(Your task): The required output is the stretch from the line containing "Современное кресло для" through the line containing "The European model" in the records below, unaltered and with no pictures.

(Input data):
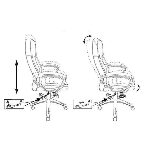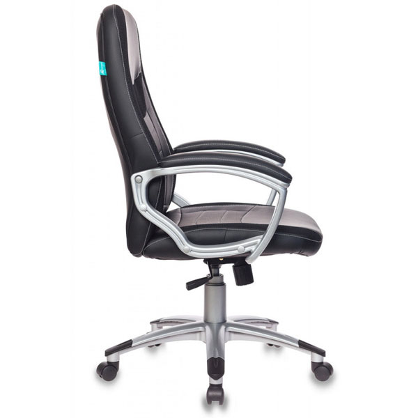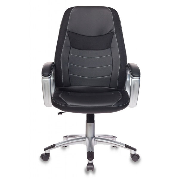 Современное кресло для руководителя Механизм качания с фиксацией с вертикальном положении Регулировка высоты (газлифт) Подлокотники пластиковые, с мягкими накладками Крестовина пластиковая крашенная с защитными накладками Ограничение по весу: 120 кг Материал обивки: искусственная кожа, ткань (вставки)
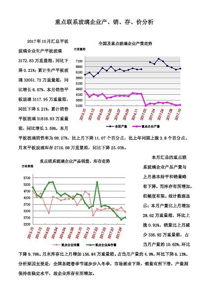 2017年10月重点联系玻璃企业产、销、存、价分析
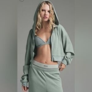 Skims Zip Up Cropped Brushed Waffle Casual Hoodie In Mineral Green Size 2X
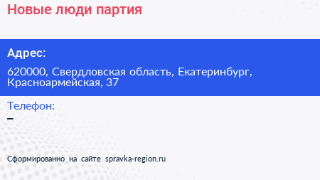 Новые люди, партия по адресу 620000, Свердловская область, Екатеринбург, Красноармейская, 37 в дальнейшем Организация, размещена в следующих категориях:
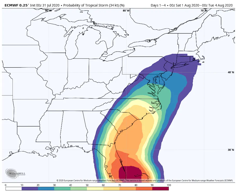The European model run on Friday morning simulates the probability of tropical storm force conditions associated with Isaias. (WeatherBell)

==

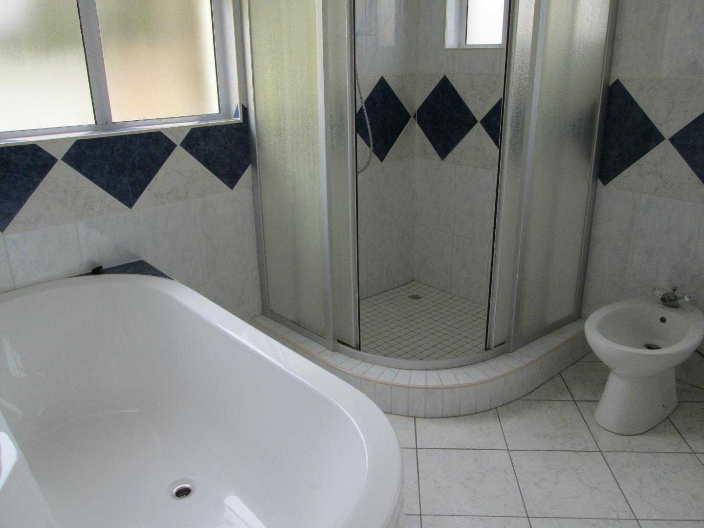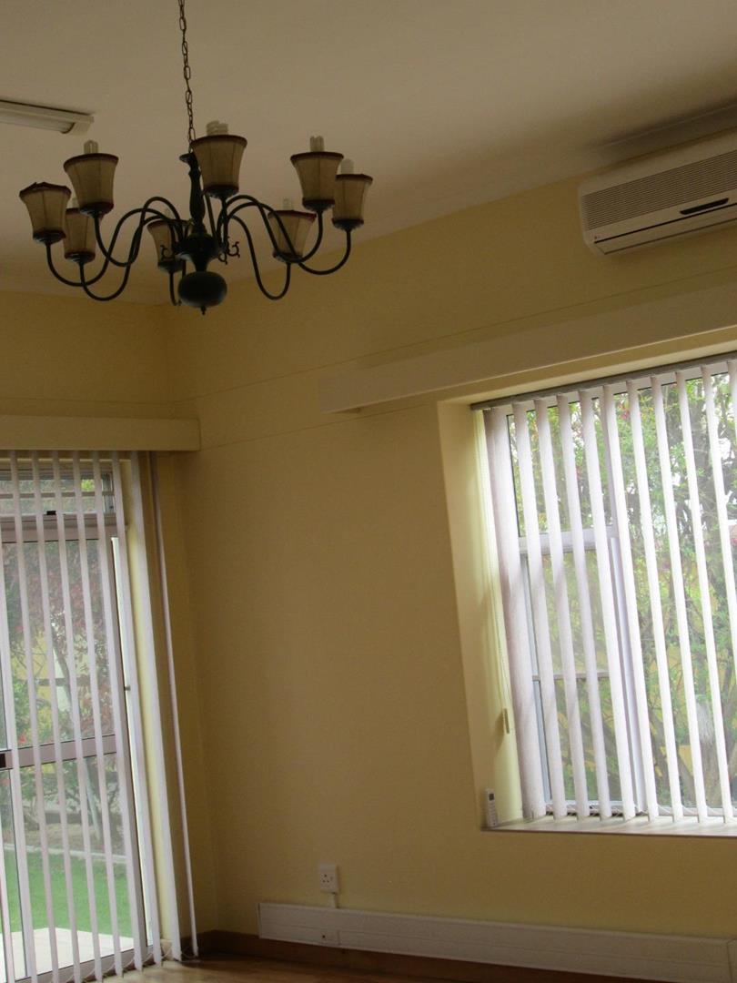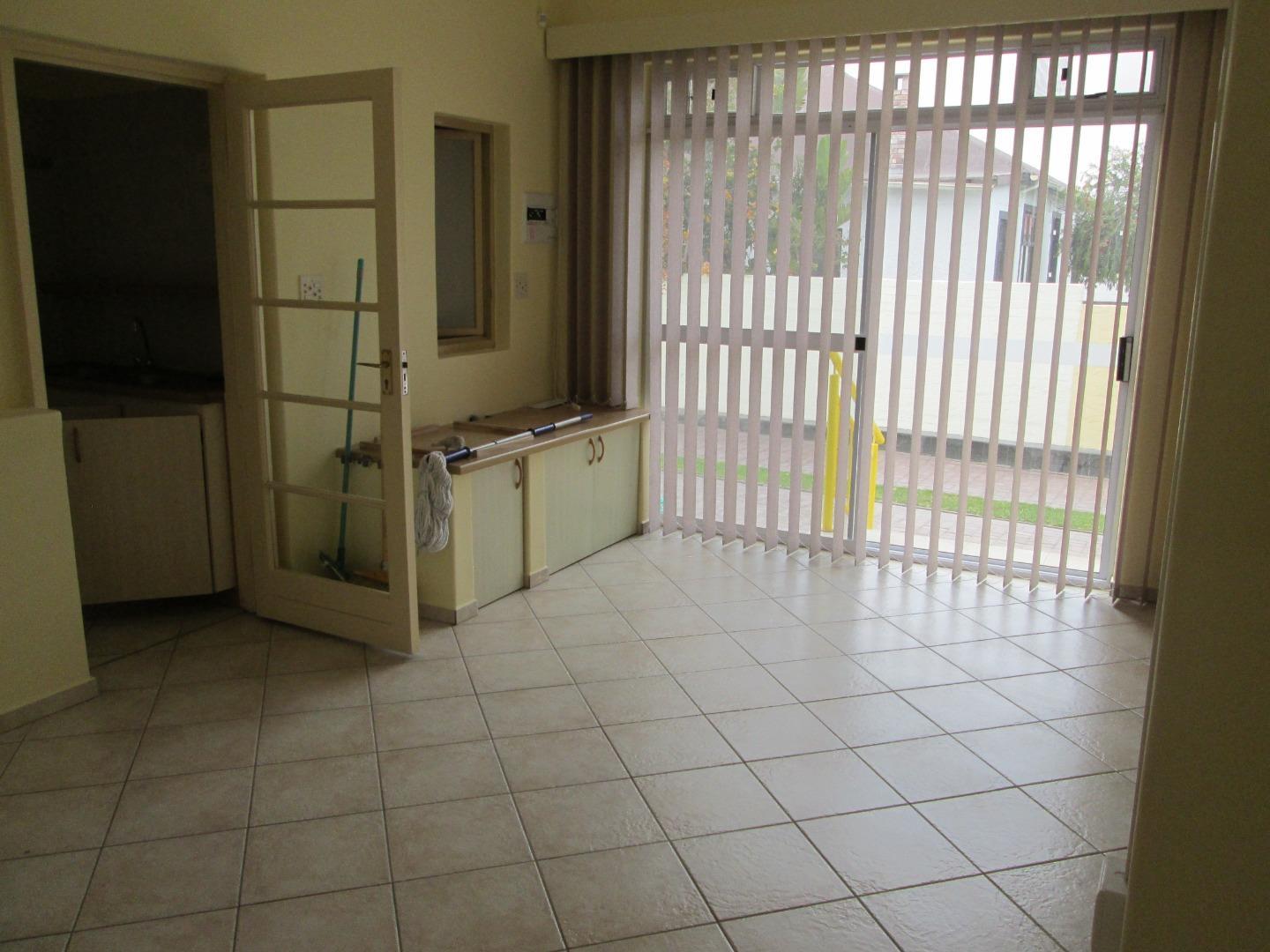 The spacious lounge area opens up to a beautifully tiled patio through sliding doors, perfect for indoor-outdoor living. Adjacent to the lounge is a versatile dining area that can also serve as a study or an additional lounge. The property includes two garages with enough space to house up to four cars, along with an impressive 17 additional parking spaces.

(Solved exercise):
 Современное кресло для руководителя Механизм качания с фиксацией с вертикальном положении Регулировка высоты (газлифт) Подлокотники пластиковые, с мягкими накладками Крестовина пластиковая крашенная с защитными накладками Ограничение по весу: 120 кг Материал обивки: искусственная кожа, ткань (вставки)
 2017年10月重点联系玻璃企业产、销、存、价分析
 Skims Zip Up Cropped Brushed Waffle Casual Hoodie In Mineral Green Size 2X
 Новые люди, партия по адресу 620000, Свердловская область, Екатеринбург, Красноармейская, 37 в дальнейшем Организация, размещена в следующих категориях:
The European model run on Friday morning simulates the probability of tropical storm force conditions associated with Isaias. (WeatherBell)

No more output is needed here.